[Data entries]
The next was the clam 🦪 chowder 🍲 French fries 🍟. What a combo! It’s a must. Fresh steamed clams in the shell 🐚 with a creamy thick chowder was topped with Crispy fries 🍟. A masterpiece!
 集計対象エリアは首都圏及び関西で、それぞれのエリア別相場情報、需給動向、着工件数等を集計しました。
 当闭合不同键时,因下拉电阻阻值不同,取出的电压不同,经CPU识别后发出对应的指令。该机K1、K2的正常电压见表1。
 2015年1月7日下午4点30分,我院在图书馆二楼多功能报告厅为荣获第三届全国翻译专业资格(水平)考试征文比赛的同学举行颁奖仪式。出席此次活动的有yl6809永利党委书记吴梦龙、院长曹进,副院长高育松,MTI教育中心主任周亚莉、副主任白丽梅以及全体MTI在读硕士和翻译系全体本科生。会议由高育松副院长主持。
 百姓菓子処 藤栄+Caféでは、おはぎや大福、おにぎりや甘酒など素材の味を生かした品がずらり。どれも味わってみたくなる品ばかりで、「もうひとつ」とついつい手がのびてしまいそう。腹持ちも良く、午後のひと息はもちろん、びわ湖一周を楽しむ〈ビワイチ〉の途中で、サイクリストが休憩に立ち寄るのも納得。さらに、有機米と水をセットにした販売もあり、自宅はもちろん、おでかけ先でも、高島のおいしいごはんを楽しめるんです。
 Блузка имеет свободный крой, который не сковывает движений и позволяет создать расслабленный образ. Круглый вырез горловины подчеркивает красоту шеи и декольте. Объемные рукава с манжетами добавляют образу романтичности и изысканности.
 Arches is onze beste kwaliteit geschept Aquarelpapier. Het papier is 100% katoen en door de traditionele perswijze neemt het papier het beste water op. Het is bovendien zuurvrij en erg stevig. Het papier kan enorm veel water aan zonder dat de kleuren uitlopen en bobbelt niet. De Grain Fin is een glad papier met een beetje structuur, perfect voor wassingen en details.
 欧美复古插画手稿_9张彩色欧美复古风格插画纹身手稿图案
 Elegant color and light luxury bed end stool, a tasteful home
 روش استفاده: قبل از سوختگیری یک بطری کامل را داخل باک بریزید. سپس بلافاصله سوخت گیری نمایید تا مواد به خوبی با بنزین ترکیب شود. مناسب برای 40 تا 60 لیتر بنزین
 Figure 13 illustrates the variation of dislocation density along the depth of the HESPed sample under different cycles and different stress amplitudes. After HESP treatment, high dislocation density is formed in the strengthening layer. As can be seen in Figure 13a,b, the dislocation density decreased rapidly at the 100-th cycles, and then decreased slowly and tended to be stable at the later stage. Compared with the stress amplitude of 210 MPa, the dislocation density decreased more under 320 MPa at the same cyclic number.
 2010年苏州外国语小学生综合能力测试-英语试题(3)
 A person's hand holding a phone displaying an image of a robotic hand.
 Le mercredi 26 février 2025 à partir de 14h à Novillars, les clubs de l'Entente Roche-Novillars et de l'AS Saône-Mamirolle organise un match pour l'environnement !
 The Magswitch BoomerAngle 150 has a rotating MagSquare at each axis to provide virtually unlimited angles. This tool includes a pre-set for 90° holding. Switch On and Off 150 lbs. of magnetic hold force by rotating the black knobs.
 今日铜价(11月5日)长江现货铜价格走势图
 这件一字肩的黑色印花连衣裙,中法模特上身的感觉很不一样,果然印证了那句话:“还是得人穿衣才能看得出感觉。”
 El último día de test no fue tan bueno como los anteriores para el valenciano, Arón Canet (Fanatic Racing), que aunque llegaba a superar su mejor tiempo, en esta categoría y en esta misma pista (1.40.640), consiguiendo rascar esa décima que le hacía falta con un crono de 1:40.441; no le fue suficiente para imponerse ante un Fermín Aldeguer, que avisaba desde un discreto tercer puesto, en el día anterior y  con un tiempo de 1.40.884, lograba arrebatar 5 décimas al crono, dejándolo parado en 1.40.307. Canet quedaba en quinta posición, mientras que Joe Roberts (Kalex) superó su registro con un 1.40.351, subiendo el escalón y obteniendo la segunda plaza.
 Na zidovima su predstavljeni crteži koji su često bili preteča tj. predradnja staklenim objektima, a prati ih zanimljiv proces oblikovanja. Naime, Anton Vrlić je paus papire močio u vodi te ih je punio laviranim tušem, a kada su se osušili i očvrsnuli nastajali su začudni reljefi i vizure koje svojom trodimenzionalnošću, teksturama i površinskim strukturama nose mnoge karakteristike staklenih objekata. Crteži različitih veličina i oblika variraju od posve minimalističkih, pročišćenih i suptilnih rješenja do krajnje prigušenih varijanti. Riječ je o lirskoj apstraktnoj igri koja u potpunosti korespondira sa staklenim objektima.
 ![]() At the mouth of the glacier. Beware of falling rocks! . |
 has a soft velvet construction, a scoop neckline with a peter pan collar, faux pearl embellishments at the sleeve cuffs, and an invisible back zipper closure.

Task goal:
The response must consist solely of the lines from the first line of the entries through the line containing "百姓菓子処 藤栄+Caféで", repeated exactly.

Output for this exercise:
The next was the clam 🦪 chowder 🍲 French fries 🍟. What a combo! It’s a must. Fresh steamed clams in the shell 🐚 with a creamy thick chowder was topped with Crispy fries 🍟. A masterpiece!
 集計対象エリアは首都圏及び関西で、それぞれのエリア別相場情報、需給動向、着工件数等を集計しました。
 当闭合不同键时,因下拉电阻阻值不同,取出的电压不同,经CPU识别后发出对应的指令。该机K1、K2的正常电压见表1。
 2015年1月7日下午4点30分,我院在图书馆二楼多功能报告厅为荣获第三届全国翻译专业资格(水平)考试征文比赛的同学举行颁奖仪式。出席此次活动的有yl6809永利党委书记吴梦龙、院长曹进,副院长高育松,MTI教育中心主任周亚莉、副主任白丽梅以及全体MTI在读硕士和翻译系全体本科生。会议由高育松副院长主持。
 百姓菓子処 藤栄+Caféでは、おはぎや大福、おにぎりや甘酒など素材の味を生かした品がずらり。どれも味わってみたくなる品ばかりで、「もうひとつ」とついつい手がのびてしまいそう。腹持ちも良く、午後のひと息はもちろん、びわ湖一周を楽しむ〈ビワイチ〉の途中で、サイクリストが休憩に立ち寄るのも納得。さらに、有機米と水をセットにした販売もあり、自宅はもちろん、おでかけ先でも、高島のおいしいごはんを楽しめるんです。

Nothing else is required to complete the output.